With nearly 600,000 veterans in Arizona, experts say, those numbers will likely increase as more return home from the wars.
“One of the things that offended me is seeing a veteran who is self-medicating with alcohol or marijuana or meth and going to court and standing side by side with some gangbanger or lifetime criminal and being treated the same as them,” said Billy Little, an attorney and retired Air Force colonel. “If you can tie the alleged criminal activity to their service, to us, I thought they deserved better than that.”
Little, along with others in the legal community, have pushed for the specialty-court idea and worked with Superior Court Presiding Judge Barbara Mundell to launch the effort.
Next steps
The exploratory committee, which includes representatives from the courts, adult probation, veterans advocates, mental-health providers and the Maricopa County Attorney’s Office, hope to present a proposal to Mundell by summer. Fields said the courts likely would not come at any additional costs to the court system.
Although the idea has support among veterans advocates and court officials, it’s not a slam dunk.
The County Attorney’s Office has questioned whether a suspect deserves to be treated any differently because he or she served in the military and whether the court would work with those who commit serious felonies or only lower-level crimes.
County Attorney Andrew Thomas’ office has consistently come out against specialty courts, such as a Spanish-language DUI court, that offer services to certain suspects. But the office has not determined its stance on a potential veterans court.
“Justice is supposed to be blind,” said Barnett Lotstein, a special assistant county attorney. “We have great respect for our veterans, obviously. If it can be shown that a veterans court is not only in the interest of the defendants and the body public, there may be some benefit, unlike the race-based courts, which we are absolutely opposed.”
Courts elsewhere
In upstate New York, Erie County residents have come to expect low-level offenders to get diverted to one of Buffalo’s specialty courts if the suspects qualify, said Judge Robert Russell, who presides over the veterans court.
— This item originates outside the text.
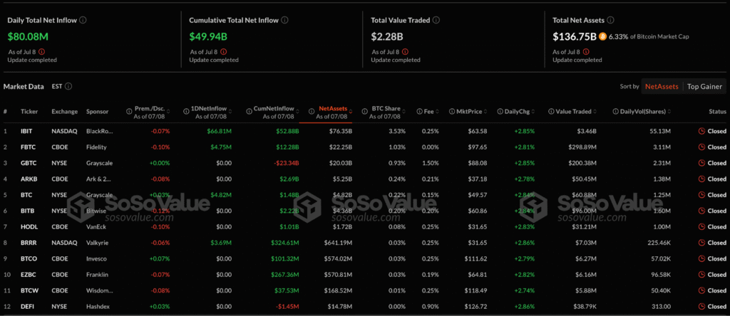 In recent weeks, the institutional interest in Crapto assets has increased according to the reports of the Coinshares website, as well as immediate negotiation funds for Bitcoin Spot ETF in US scholarships and net daily investments of 80.08 million dollars until July 8, to reach total net investments have received $ 49.94 billion and the total value subject to These funds 13655 6.33% of the market value of Bitcoin, according to Sosovalue.

“Whether they realize it or not, they’re already seeing veterans,” Russell said. “The issue is: Do you design a program that meets the needs of that culture?”
That might have helped Batroff.
Although the Washington High School graduate was diagnosed with post-traumatic stress disorder and a frontal-lobe injury and even helped start a PTSD-support group at the Carl T. Hayden VA Medical Center, it didn’t stop him from acting out.
Counseling and other forms of treatment might have helped, Batroff admits, but those aren’t readily available to county inmates.
“I got thrown in here, so I didn’t get to finish all that stuff,” he said. “Of course, certain sounds are going to make me think of a rocket, or people coming up behind me are going to make me twitch. It’s not like high school: You get out and graduate and it’s over.”